Why I shoot in RAW

We're going to start things off with a before and after shot because I feel like this is the type of post I've seriously neglected in the past. And I think this is a parlor trick that will interest both photographers and innocent bystanders alike.

Last month I was in Hawaii for Jon and Katye's wedding (I'll be blogging a lot more about that later) and of course, everywhere we went, the scenery was incredible! When you're photographing a destination wedding, that location tends to become the "theme" and it's important to include that in as many of the pictures as possible. You want to bring home that feeling of awe and excitement with you to relive over and over.
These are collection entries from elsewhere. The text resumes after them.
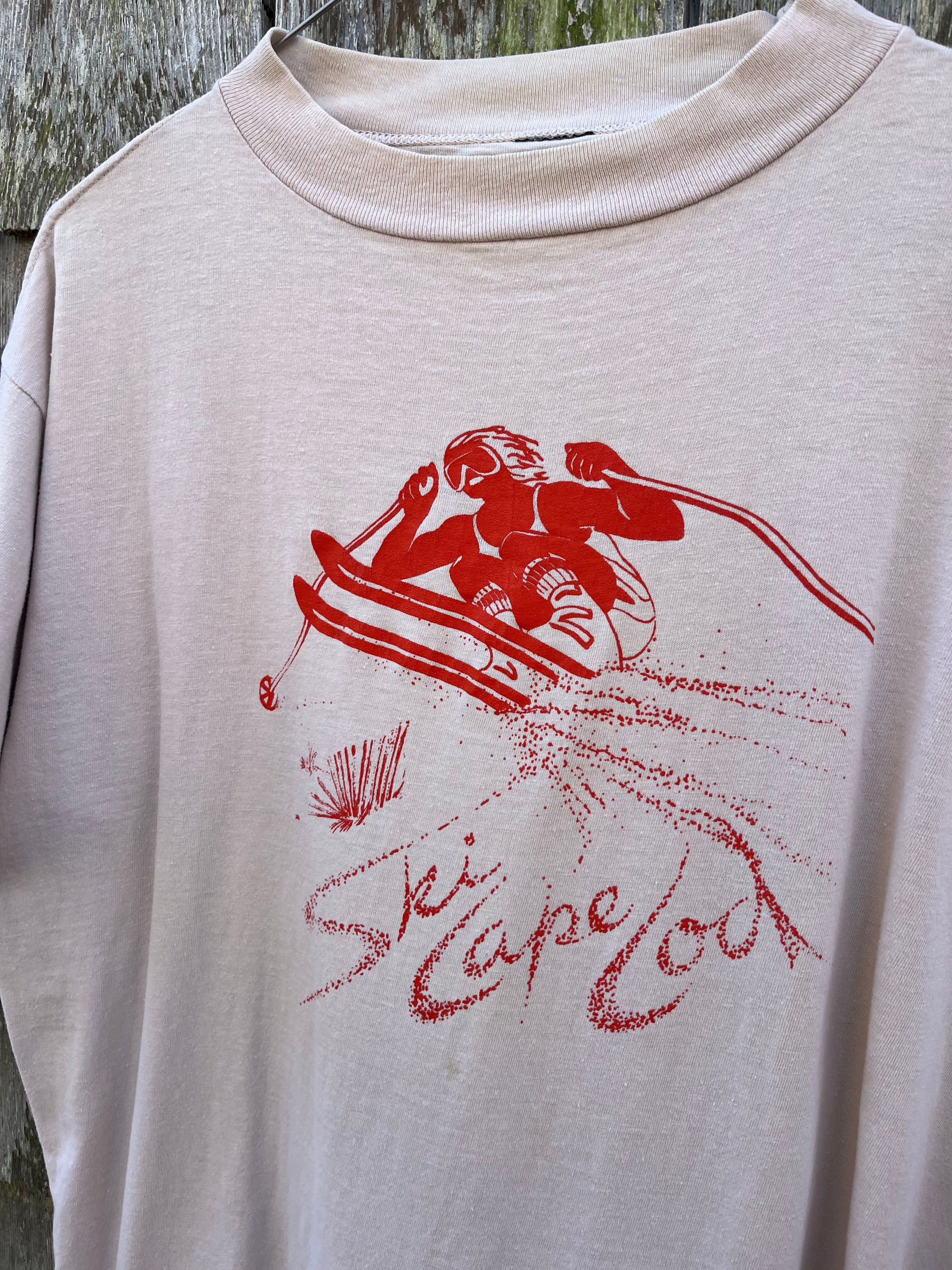 1980s Ski Cape Cod t-shirt. Beige with dark orange print on chest. 100% cotton blank.
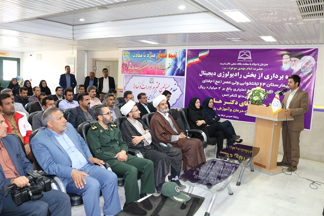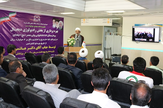 در ادامه از طریق ویدئو کنفرانس با حضور وزیر بهداشت و مسئولین دانشگاه، دکتر روستا زاده ریاست شبکه بهداشت و درمان ضمن خوش آمد گویی و تبریک ایام شعبانیه  و تشکر از دکتر هاشمی وزیر بهداشت و درمان کشور و سایر مسئولین دانشگاه  درمورد مشخصات پروژه رادیولوژی دیجیتال بیمارستان ومزایای آن که شامل: افزایش کیفیت موثر تصویر، صرفه جویی در وقت و هزینه و سرعت بالای تهیه تصویر، امکان کپی فیلم با سهولت بیشتر، افزایش تصاویر بایگانی ، امکان ارسال تصاویر از طریق اینترنت به مراکز درمانی و امکان دسترسی پزشک به تصاویر به محض انجام تصویر برداری می باشد، بیان نمودند.  سپس  پروژه با دستور دکتر هاشمی، توسط موحدی پور افتتاح، و در پایان از میهمانان تقدیر و پذیرایی به عمل آمد.
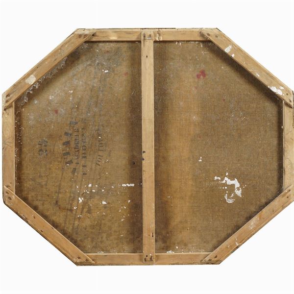 "Bimbi sulla spiaggia", olio su tela di forma ottagonale, difetti
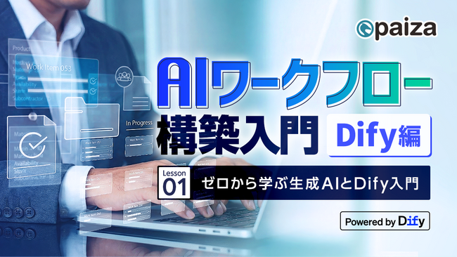 ITエンジニア向け転職・就職・学習プラットフォーム「paiza(パイザ)」を運営するpaiza株式会社(東京都港区、代表取締役社長/CEO 舘康人)は、本日より、ノーコードで高度なAIアプリケーションを開発・運用できるツール「Dify」を活用した新講座「AIワークフロー構築入門Dify編」の「ゼロから学ぶ生成AIとDify入門」を本日より無料公開いたします。
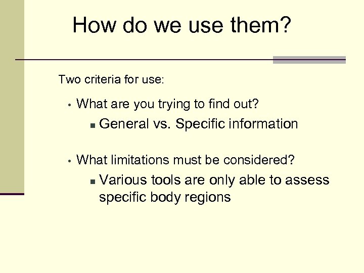 How do we use them? Two criteria for use: • What are you trying to find out? n • General vs. Specific information What limitations must be considered? n Various tools are only able to assess specific body regions
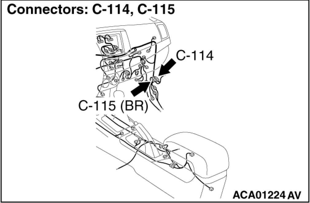 Also check intermediate connectors C-114, C-115 for loose, corroded, or damaged terminals, or terminals pushed back in the connector. If intermediate connectors C-114, C-115 is damaged, repair or replace the damaged component(s) as described in Harness Connector Inspection Harness Connector Inspection.
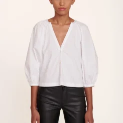 The Dill Top is a cotton poplin button-down with 3/4 puffed sleeves. This classic top can be worn year-round.Â
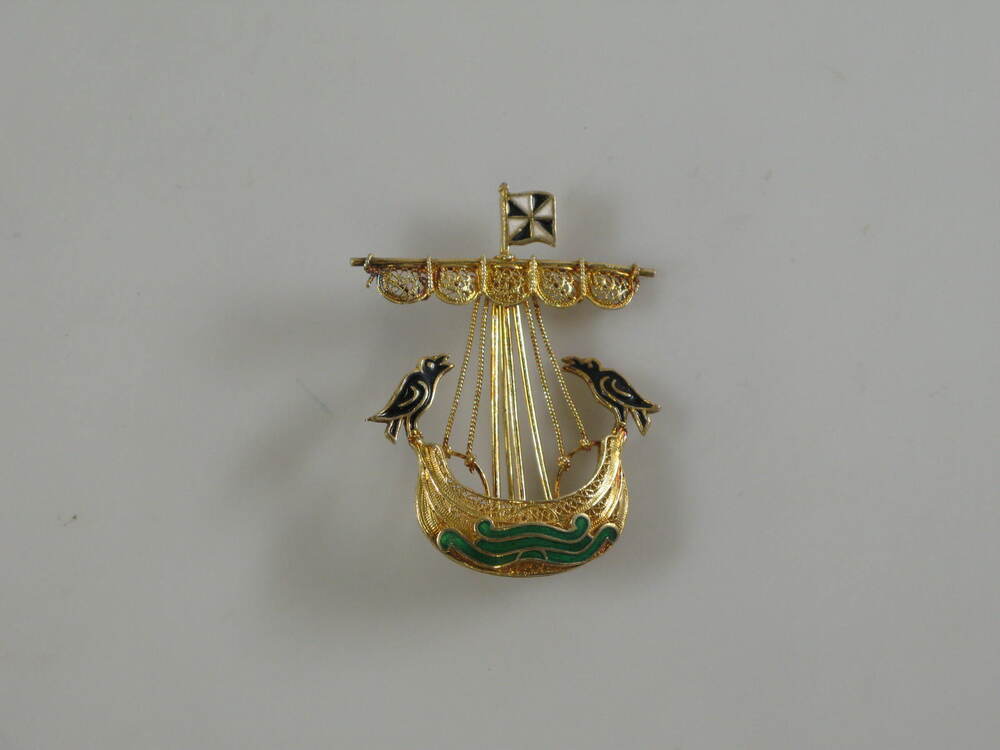 Goudkleurig, geëmailleerd speldje van zeilschip met op beide zijden een zwarte vogel.- Trefwoorden
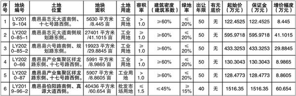 经鹿邑县人民政府批准,鹿邑县自然资源局决定以网上挂牌方式出让以下6(幅)地块的国有建设用地使用权,具体组织实施由鹿邑县公共资源交易中心承办,现将有关事项公告如下。

So for this picture, I found it absolutely necessary to include the ocean and the palm trees in the picture. It just wasn't going to be an epic moment without it! But if you're a photographer, you know the lighting nightmare I have here. They're in half shade while the palm trees and ocean were in full blazing sun. The camera can't get a good exposure on both...you're going to lose one or the other. And since they were at the edge of a balcony three stories up, there was no way to get a flash out in front of them. And I CERTAINLY wasn't going to use on-camera flash (don't get me STARTED, don't EVEN get me STARTED!! haha). Some might wonder if I could have bounced some flash off of the balcony above but it didn't stick out far enough to light all the girls and I didn't want to curtail the moment by directing them to easily lit locations. Also, the direction of the light would have still given it an unnatural look and I loved how the natural light was looking.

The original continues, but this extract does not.